Rousseff and Lula have both denied any wrongdoing.
Brazil’s benchmark stock index rallied 6.6 percent, the biggest daily jump in seven years, and the Brazilian real firmed 2.3 percent as the political crisis increased bets that Rousseff’s ouster could bring a more market-friendly administration to power.
The real’s 10 percent gain so far this month led the central bank to scale back its currency intervention.
Rousseff appointed her mentor, who remains one of Brazil’s most influential politicians six years after leaving office, in an effort to fight impeachment and win back working-class supporters amid the worst economic recession in decades.
The corruption probe, however, has weakened Lula’s sway in Congress and there are growing signs that Rousseff’s main coalition partner is ready to abandon the unpopular government.
Brazil’s powerful industry lobby, the CNI, said the political crisis was having “catastrophic” consequences for businesses and called on the country’s politicians to overcome their differences to restore confidence.
As Rousseff swore Lula into office, she strongly criticized the release on Wednesday of a taped telephone conversation between them that was made public by Sergio Moro, the crusading federal judge overseeing the Petrobras investigation.
Moro, the public face of the biggest graft probe in Brazilian history, said the tape showed they had discussed influencing prosecutors and courts to protect Lula, who leaves Moro’s jurisdiction.
“Convulsing Brazilian society with lies, with reprehensible practices violates constitutional rights and as well as the rights of citizens,” said Rousseff, who called the recording illegal and anti-democratic.
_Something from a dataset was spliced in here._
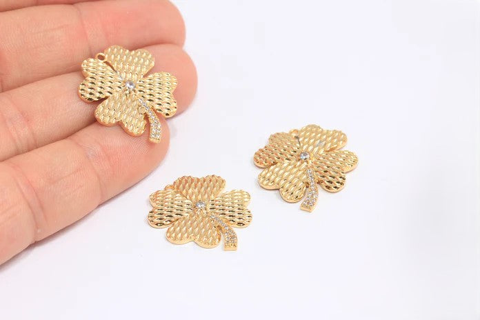 24K Gold Plated White Zircon Stone Shiny Clover Charms Clover Pendant. Dimensions: 22x25mm Price is per piece. 24K gold plated on brass. A Quality product resistant to rust and tarnishing. Do not contact with chemicals and perfumes for long-term use. Passed all tests does not contain harmful materials. Colors may vary depending on screen settings and ambient light.

Judiciary association and prosecutors working with Moro sprang to his defense, repudiating what they called efforts to intimidate him and his team of investigators.
“Those telephone conversations provide evidence of obstructing the investigation, part of a treacherous underground war waged in the shadows, far from the courts,” wrote thirteen federal prosecutors on Moro’s task force in a public statement.
Moro said in a court filing released on Wednesday that the taped telephone conversations did not provide proof that Lula and Rousseff were interfering with his investigation.
He said, however, that he released the recordings because citizens had a right to know how they were being governed.
One recording, made public by the court, included Rousseff offering to send Lula a copy of his appointment urgently “in case it was necessary” – a possible reference to the ministerial post providing him with immediate immunity from arrest.
Brazil’s biggest-ever corruption probe, which centers on bribes and political kickbacks at Petrobras, has led to the conviction of dozens of powerful executives and politicians while recovering 2.9 billion reais ($795 million) in stolen money.
Prosecutors accuse Lula of concealing ownership of an oceanfront apartment that was built and furnished by one of the Petrobras contractors in the graft scheme.
The widening bribery scandal has divided Rousseff’s fractious coalition and moved the PMDB closer to breaking with her government.
Vice President Michel Temer, leader of the PMDB, did not attend the swearing-in of Lula because Rousseff appointed a lawmaker from his party as civil aviation minister, Temer’s aides said. A PMDB convention on Saturday banned its members from taking new posts in her government.